The beguiling feature of the funeral of French music icon Johnny Hallyday was his ability to stage-manage his destiny, right up to the final hour, and the star power that his being retained even in death. There he was – and there was France.

Editors’ Note:
French music icon Johnny Hallyday, credited with having brought rock ’n’ roll to France in the early 1960s, died in Paris on December 6 at age 74. His funeral on December 9 brought nearly a million people into the streets of the French capital. The first of his 57 albums was entitled “Hello, Johnny.”

PARIS – What better send-off for a rocker than Saturday’s vast, silent concert on the steps of a church? And what better farewell to a great performer than the one delivered by the immense crowd chanting around a body that seemed to have arranged, from the great beyond, this last demonstration of enthusiasm and love?
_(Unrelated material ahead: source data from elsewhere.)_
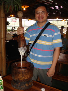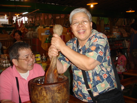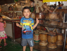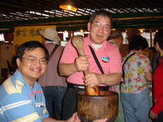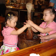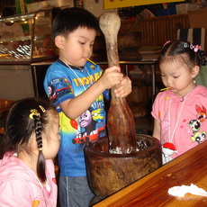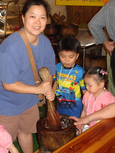 媽媽買了一份麻糬來搗,這種活動已經很熟悉了,連蓉蓉和小潔也是一拿到臼杵,就直接搗起來了。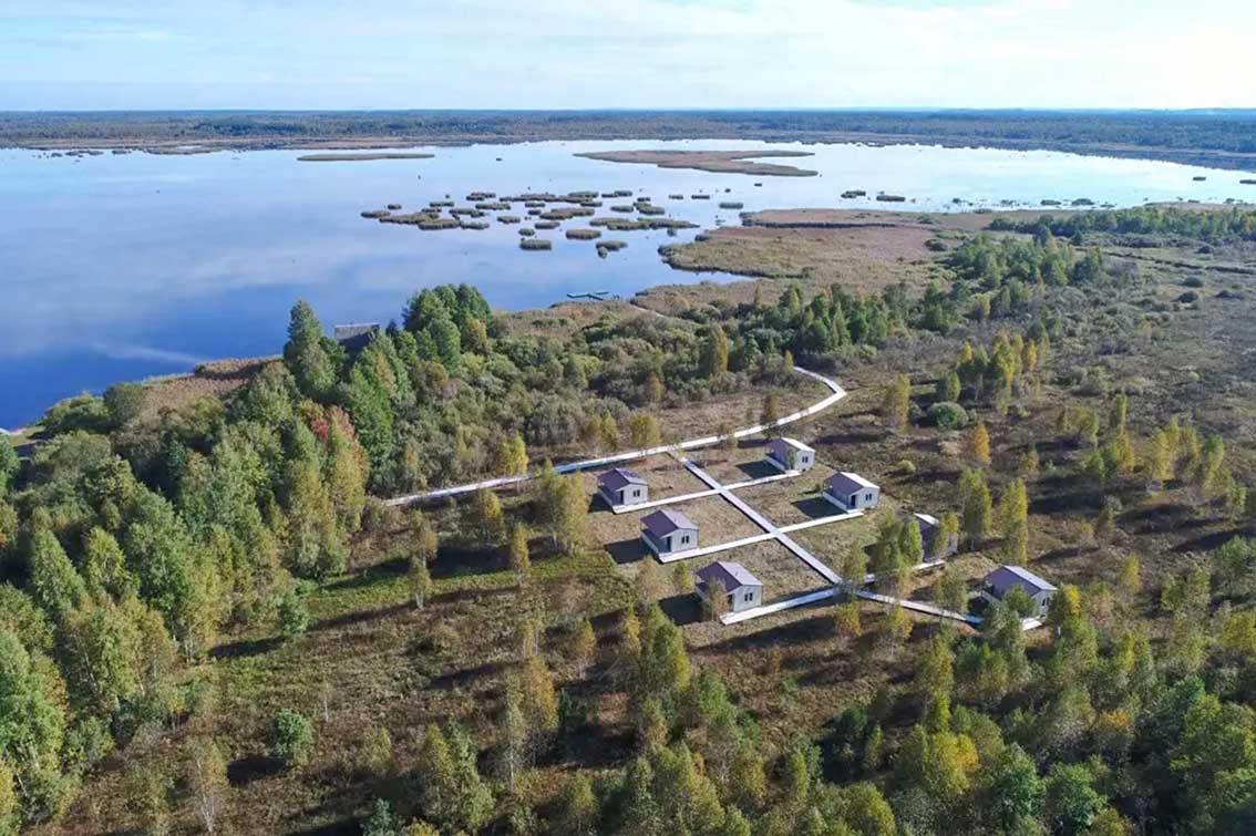 Котловина округлой формы, слегка вытянута с северо-запада на юго-восток, среди лесного массива.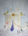 Hi Wyatt! It's Aunt Katie! I love your beach scene! It's so exciting to see your work. Please tell your teacher to send me a copy of all your future artwork. How is EV Caine? Wow middle school! Do you get a locker? I can't wait to hear about your adventures.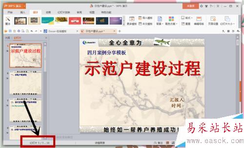 2、打開我們自己的PPT頁面,我們會(huì)發(fā)現(xiàn)我們自己的PPT起始值是從1開始的,然后也會(huì)顯示總歸有多少頁幻燈片,我們要做的就是對(duì)起始頁進(jìn)行修改。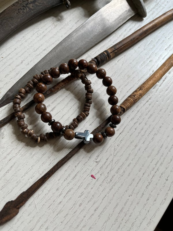 FRATERNITAS est un duo de bracelets en bois naturel, évoquant les traditions partagées et les liens durables.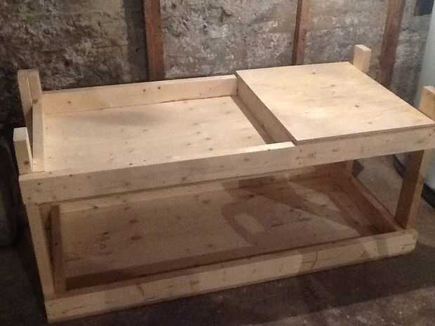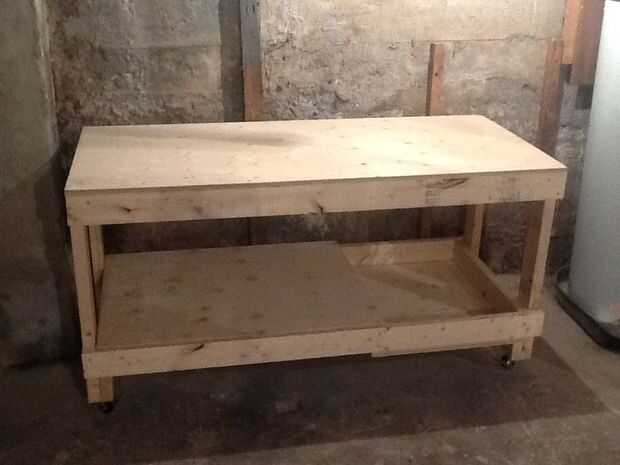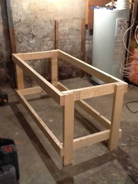 C) tornillo en la tapa de madera, estante inferior y cajón. Para el estante inferior, realmente tenía dos niveles en la plataforma estrictamente porque no me tenía dos longitud de madera contrachapada de 60" y no quiero comprar otra hoja sólo para eso.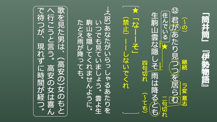 今回は、「筒井筒」の後半部についてお話しました。一通り学習を終えたら、今度はテスト対策編もご覧ください。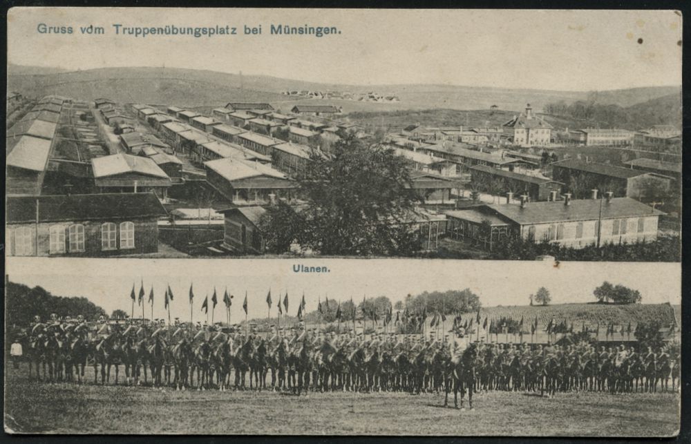 255 | 10 € | TRUPPENÜBUNGSPLÄTZE bis 1918 : MÜNSINGEN (WÜRTT.)* a 1908 (31.7.) 1K auf EF 5 Pf. Germania, s/w.-Foto-Ak.: Gruss vom Truppenübungsplatz bei Münsingen (2 Ansichten: Barackenlager u. Ulanen in Schlachtaufstellung, Bedarf | ![]() ![]() | |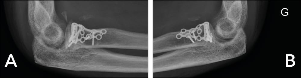 ORIF of the radial head seems to be accessible from the left side. After exposure, reconstruction proves not to be possible. A capitellum graft is harvested and fracture repair is achieved through a Medartis plate (Figure 4).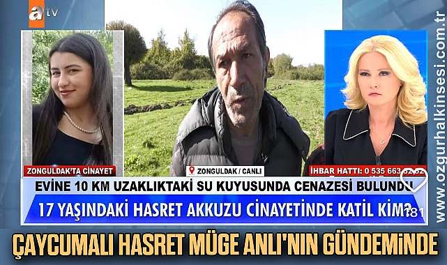 Çaycuma ilçesine bağlı Kızılbel Köyü’nde 2 gündür kayıp olan 16 yaşındaki Hasret Akkuzu’nun dün su kuyusunda cansız bedeni bulunmuştu. Genç kızın esrarengiz ölümüne ilişkin soruşturma sürerken, ailesi ATV ekranlarında yayınlanan Müge Anlı ile Tatlı Sert programına bağlanarak yardım istedi.Çaycumalı genç kızın acılı ailesi, Müge Anlı'ya yaptıkları açıklamada, olayın intihar mı yoksa cinayet mi olduğu konusunda bir bilgilerinin olmadığını söyledi.

Herein lies the beguiling feature of the funeral of Johnny Hallyday, France’s national singer: his ability to stage-manage his destiny, right up the final hour, and the star power that his being retained even in death.

The costume he chose for his last performance was oblong and white. Nothing remained of his swaying hips and his howls, or of the pale eyes perpetually on the verge of laughing or crying (you never knew which). And yet there he was, charisma and presence, the spell of a shaman inviting you one last time to dance the eternal chorus in the aura of his mystery and his smile. And there was the spirit of France: young and old, the French president and two of his predecessors, the novelists Philippe Labro and Daniel Rondeau, celebrities, artists, fans from 50 years ago wearing Apache fringe, a remembrance of the striking miners of Lorraine, the words of Jacques Prévert, tears shed by ordinary people.